### Data shown
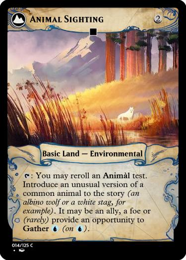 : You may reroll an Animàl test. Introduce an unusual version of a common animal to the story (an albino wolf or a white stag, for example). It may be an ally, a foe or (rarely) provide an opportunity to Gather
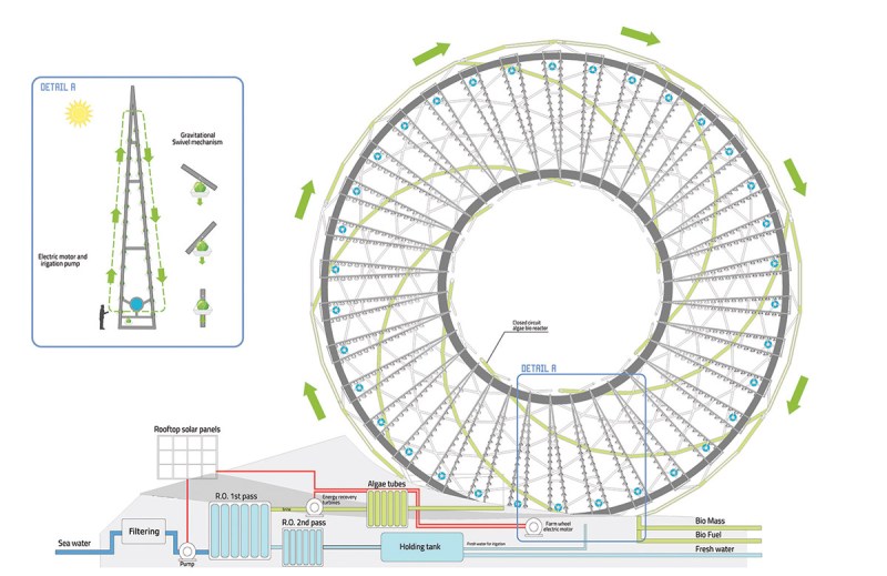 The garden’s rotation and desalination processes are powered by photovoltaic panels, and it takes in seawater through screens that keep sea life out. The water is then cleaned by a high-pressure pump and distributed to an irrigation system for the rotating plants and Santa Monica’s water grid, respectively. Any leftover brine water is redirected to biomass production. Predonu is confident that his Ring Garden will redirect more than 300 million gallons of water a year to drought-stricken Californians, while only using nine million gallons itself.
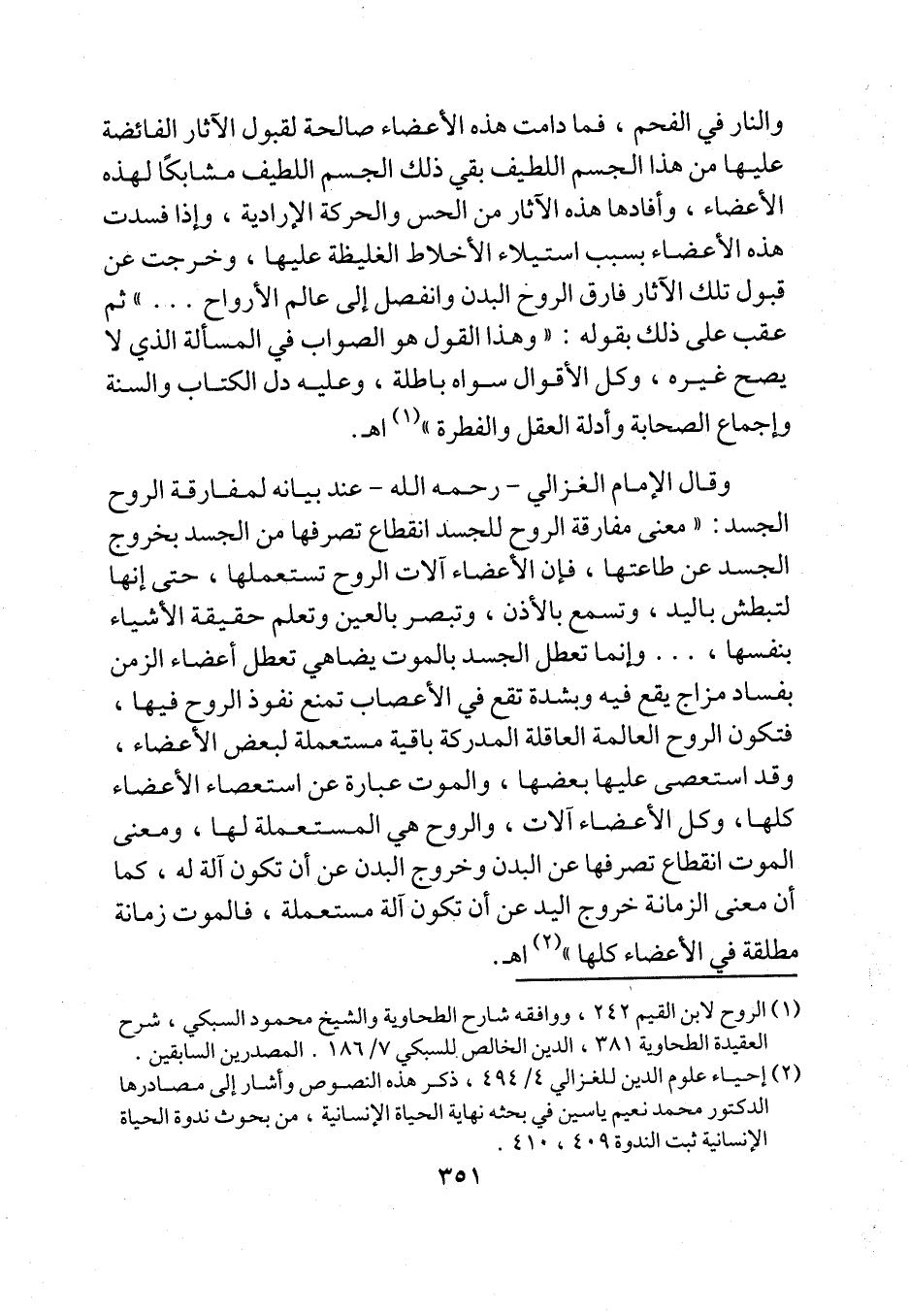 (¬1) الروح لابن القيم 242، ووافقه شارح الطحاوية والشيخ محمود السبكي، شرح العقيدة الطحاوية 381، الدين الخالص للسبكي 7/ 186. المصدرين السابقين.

### Work instruction
Write out all the data exactly, minus pictures.

### Exercise solution
 : You may reroll an Animàl test. Introduce an unusual version of a common animal to the story (an albino wolf or a white stag, for example). It may be an ally, a foe or (rarely) provide an opportunity to Gather
 The garden’s rotation and desalination processes are powered by photovoltaic panels, and it takes in seawater through screens that keep sea life out. The water is then cleaned by a high-pressure pump and distributed to an irrigation system for the rotating plants and Santa Monica’s water grid, respectively. Any leftover brine water is redirected to biomass production. Predonu is confident that his Ring Garden will redirect more than 300 million gallons of water a year to drought-stricken Californians, while only using nine million gallons itself.
 (¬1) الروح لابن القيم 242، ووافقه شارح الطحاوية والشيخ محمود السبكي، شرح العقيدة الطحاوية 381، الدين الخالص للسبكي 7/ 186. المصدرين السابقين.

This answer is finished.